In 2011, the event took place on 22 February at the University of Nottingham and was won by the University of Birmingham.

In 2010, the event was hosted, and won, by the University of Birmingham on 18 February. It involved 1547 students from 20 universities. The Asia-Pacific Frank Morton Sports Day in October 2010 was hosted by the Universiti Technologi Mara, Kuala Lumpur, Malaysia.

In 2009, Frank Morton Sports Day was held in Singapore as well as the UK for the first time. In the UK, Newcastle University hosted the event. Overall winners were the University of Manchester, with Strathclyde second and Birmingham Third.
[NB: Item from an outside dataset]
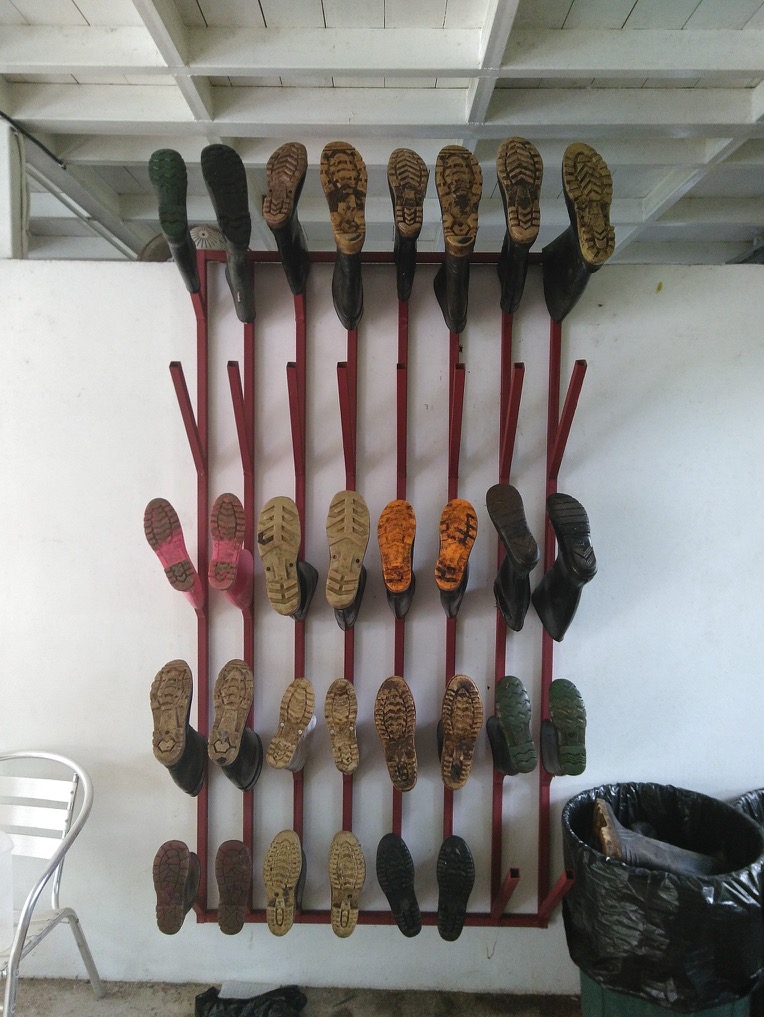 En tussen alle dagelijkse bezigheden door kan het zijn dat we hier of daar gevraagd worden voor een andere klus. Een keer iets aanvegen, de pelikaan uitlaten, of laarzen checken. Laarzen checken? Ja, er was een nieuw rek gemaakt om de rubber laarzen te drogen en te bewaren. De laarzen lagen in een grote plastic zak opgeslagen en moesten op lekkage gechekt worden. Dat was het enige dat nog moest gebeuren, maar bij gebrek aan vrijwilligers lag dat al weken of maanden op iemand te wachten.

The National University of Singapore hosted the Singapore event on 21 February 2009. Overall winners were Universiti Teknologi MARA with University of Nottingham (Malaysia) second and National University of Singapore third.

In 2008 the event took place on 19 February at the University of Leeds. 1300 students from 17 universities and several company teams took part. Imperial College London successfully defended their title as overall winners, with Birmingham University second and Strathclyde University third. The champion company team was that from Bechtel.